基金supported by the National Major Special Project of China on New Varieties Cultivation for Transgenic Organisms (2009ZX08009-146B)by the National Non-profit Institute Research Grant,China (2012cj-2)
文摘This gene pyramiding strategy is based on the idea of efficiently pyramiding genes of interest by crosses and selection to obtain a population with favorable alleles from different breeds or lines, which is called an ideal population. We investigate impacts of some factors on the pyramiding efficiencies by simulation. These factors include selection strategies (the breeding value selection, the molecular scores selection and the index selection), proportion selected (2, 10 and 20%), recombination rates between adjacent target genes (0.1, 0.3 and 0.5) and different mating types (the random mating and the positive assortative mating avoiding sib mating). The results show that: (1) The more recombination rate and the lower proportion male selected, the better pyramiding efficiency; (2) the ideal population is obtained via various selection strategies, while different selection strategies are suitable for different breeding objectives.
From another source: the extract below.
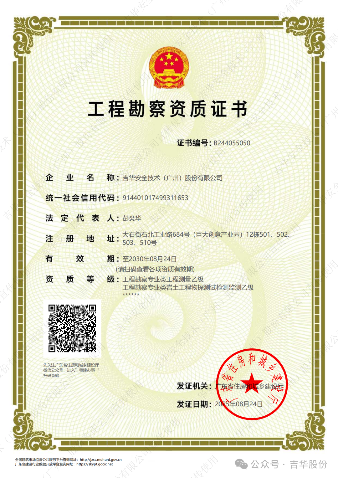 9月1日,经广州市住房和城乡建设局审核、广东省住房和城乡建设厅复核批准,吉华安全技术(广州)股份有限公司成功延续工程勘察专业类岩土工程(物探测试检测监测)乙级、工程测量乙级两项资质,并喜获新的资质证书。此次资质的成功延续,确保了公司各项业务的合法开展及生产经营的平稳运行。

From the perspective of pyramiding target genes merely, the molecular scores selection is the best one, for the purpose of pyramiding target genes and recovering genetic background of the target trait, the index selection is the best one, while from the saving cost point of view, the breeding value selection is the best one; (3) the positive assortative mating is more efficient for gene pyramiding compared with the random mating in the terms of the number of generations of intercross for getting the ideal population.